You are all cordially invited to the AMLab seminar at **Tuesday June 7 at 16:00 in C3.163**, where** Thijs van Ommen** will give a talk titled “**Robust probability updating**”. Afterwards there are the usual drinks and snacks!

**Abstract**: In the well-known Monty Hall problem, a car is hidden behind one of three doors, and the contestant wants to compute the probabilities of where the prize is hidden given partial information (a ‘message’) from the quizmaster. Most analyses of this problem assume that the quizmaster uses a fair coin flip to decide what message to give, whenever he has a choice.

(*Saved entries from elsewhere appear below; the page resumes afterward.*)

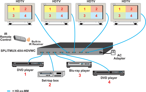 The SPLITMUX® 4x4 HDMI Quad Screen Multiviewer is a multi-purpose high-speed video processing system that can be configured for three different output modes. In Multiview Mode, it is capable of displaying the four video sources in quad, PiP, full screen, or custom display modes, with all four monitors simultaneously displaying the same image. In Matrix Mode, digital HDMI video and audio signals are routed from four HDMI video sources to four displays. In Video Wall Mode, video from a single source is displayed across all four monitors.
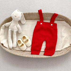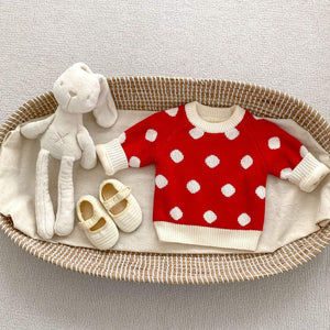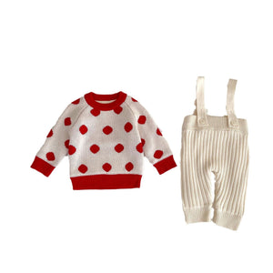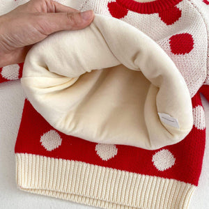 Wholesale Winter New Baby Knitted Overalls Set for Children and Babies Fleece and Thickened Polka Dot Long-sleeved Sweater Two-piece Set
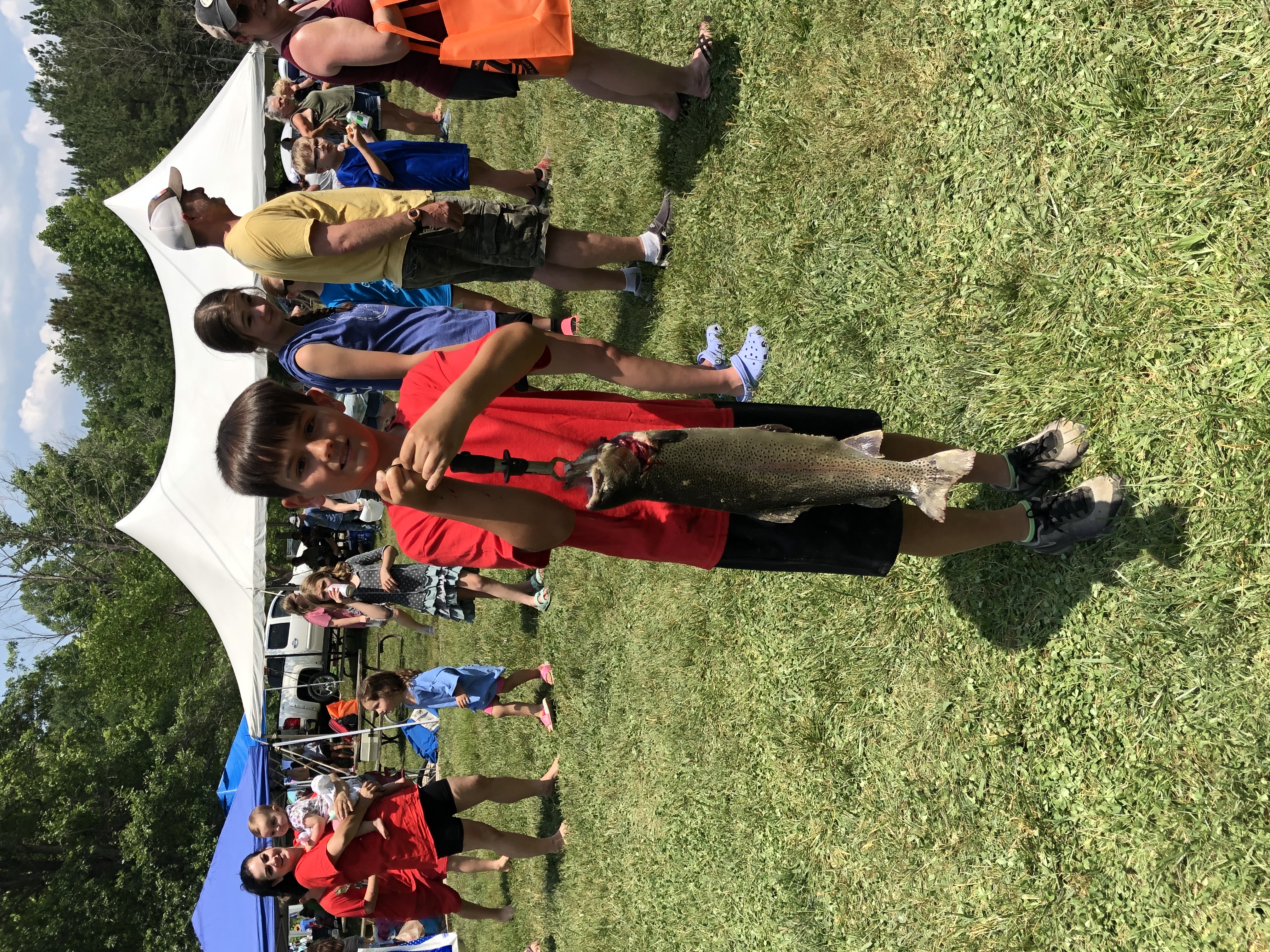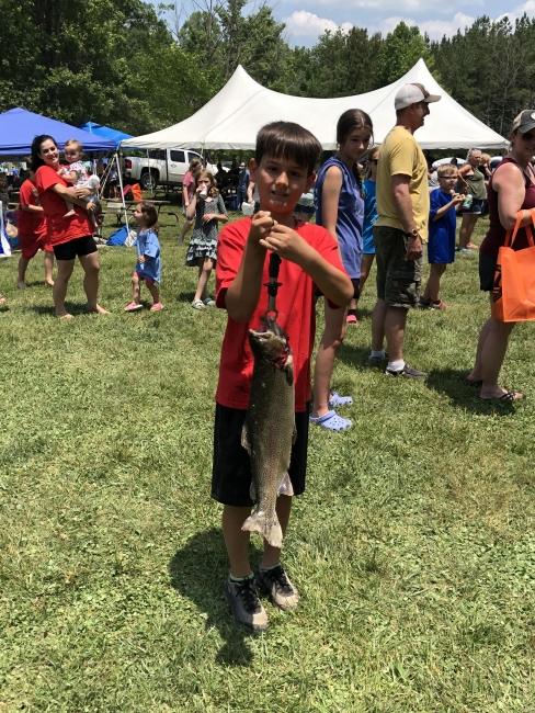 A participant of the 35th Annual Catch A Rainbow Kids Fishing Derby at Wolf Creek National Fish Hatchery holding his large Rainbow trout caught in Hatchery Creek.
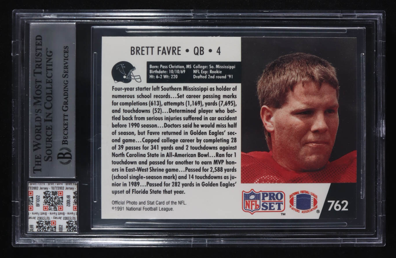Brett Favre 1991 Pro Set #762 RC With Game Used Jersey Swatch (BGS 9)

We don’t make this assumption, but instead use game theory to find a strategy for the contestant that works well against any strategy the quizmaster might use. With this approach, we can also deal with a large generalization of the problem: to any finite number of doors, with any initial distribution of the winning door, and with an arbitrary set of messages (subsets of doors) from which the quizmaster can choose. In Bayesian terms, this translates to computing a posterior distribution without knowing the full joint distribution. It turns out that in general, the optimal strategies for both players in this game depend on the loss function used to evaluate the contestant’s posterior distribution. However, for certain classes of message sets, there is a single optimal posterior that does not depend on the loss function, so that we obtain an objective and general answer to how one should update probabilities in the light of new information.